Jettons maintenant les yeux sur les actions de l’homme résultantes de sa volonté ou du choix par lui fait : voyons si ces actions sont libres. Consultons pour cela l’expérience, & nous reconnoîtrons sans peine que, nécessaires dans leur principe, elles ne le sont pas moins considérées en elles-mêmes. Soit que notre volonté nous porte à réfléchir ou à delibérer sur quelque chose, soit à lire, par exemple, à nous promener ou à courir, nous nous sentons nécessités à faire ces actions, à moins que quelque obstacle étranger, comme une apoplexie ou quelque autre accident ne nous en empêche. Dans le cas même de ces accidens, nous sommes aussi nécessités à abandonner ou à interrompre une action que nous l’aurions été à l’entreprendre ou à l’exécuter conformément aux dispositions de notre volonté, si nous n’en avions pas été détournés par cet empêchement extérieur. Quand il nous arrive de changer de volonté après avoir commencé une action, cela vient de ce que nous sommes nécessairement déterminés à interrompre cette action, & à faire[1] un nouveau choix.

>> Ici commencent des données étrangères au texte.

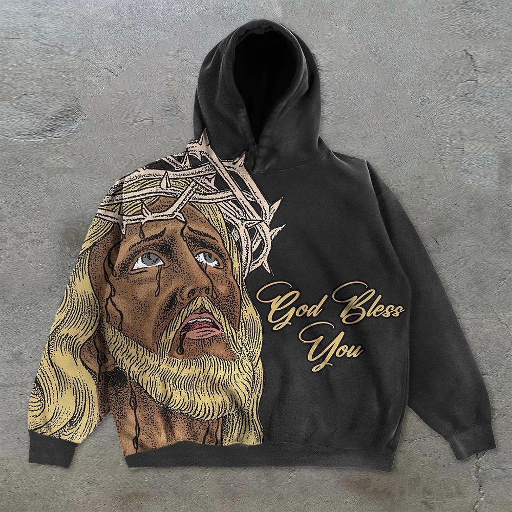 Retro Print Tide Brand Street Fashion Long Sleeve Hoodie
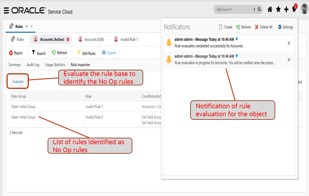 - Ability to identify the No Op rules periodically by executing the evaluation.
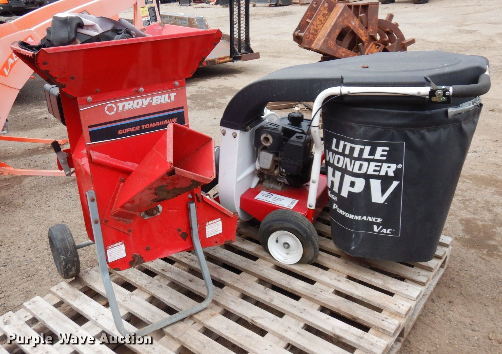 Troy-Bilt Super Tomahawk wood chipper. Briggs & Stratton gas engine, Unknown operating condition, Little Wonder HPV leaf vacuum Vanguard gas engine. Lano Equipment, Inc.. 3021 133rd St W. Shakopee, MN 55379
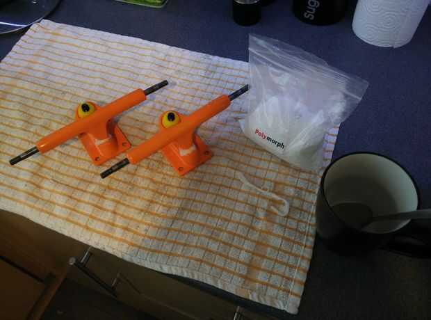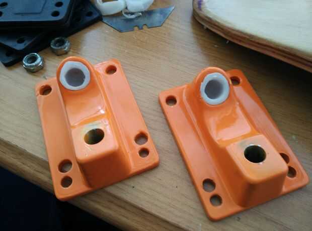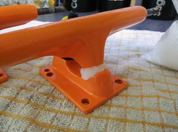 1. toma de las placas base e inserte las tazas de pivote. Me gusta usar un poco de lubricante de cera base aquí para impedir que los camiones de chirridos.

Aristote pensoit à-peu-près de même sur ce sujet. Comme dans les matières de spéculation, dit-il, nous acquiesçons nécessairement aux inductions & aux conséquences tirées des prémisses, de même s’il nous arrive de faire l’application de ces raisonnemens à la pratique, nous y conformons nécessairement nos démarches, nos actions. Par exemple, un homme qui de ces prémisses, toute chose saine est bonne à manger, or cette chose est saine, en inféreroit, donc elle est bonne à manger, seroit nécessité à manger de cette chose saine, à moins que quelque obstacle ne s’y opposât. »[2]

Veut-on une nouvelle preuve tirée de l’expérience en faveur de la nécessité, qu’on se donne la peine de comparer les actions des êtres sensibles

  1. « Il est évident qu’un poids de cinq livres emporté par un poids de six, est emporté aussi nécessairement que par un poids de mille livres, quoiqu’il le soit avec moins de rapidité ; ainsi ceux qui ont l’esprit sain, étant déterminés par une disposition du cerveau, qui est un peu plus forte que la disposition contraire, sont déterminés aussi nécessairement que ceux qui sont entraînés par une disposition qui n’a été ébranlée d’aucune autre : mais l’impétuosité est bien moindre dans les uns que dans les autres, & il paroît qu’on a pris l’impétuosité pour la nécessité, & la douceur du mouvement pour la liberté. On a bien pu par le sentiment intérieur juger de l’impétuosité ou de la douceur du mouvement  : mais on ne peut que par la raison juger de la nécessité ou de la liberté ». Ibid.
  2. Ethica, lib. 7. cap. 5. Oper. édit. Paris vol. 2. page 88.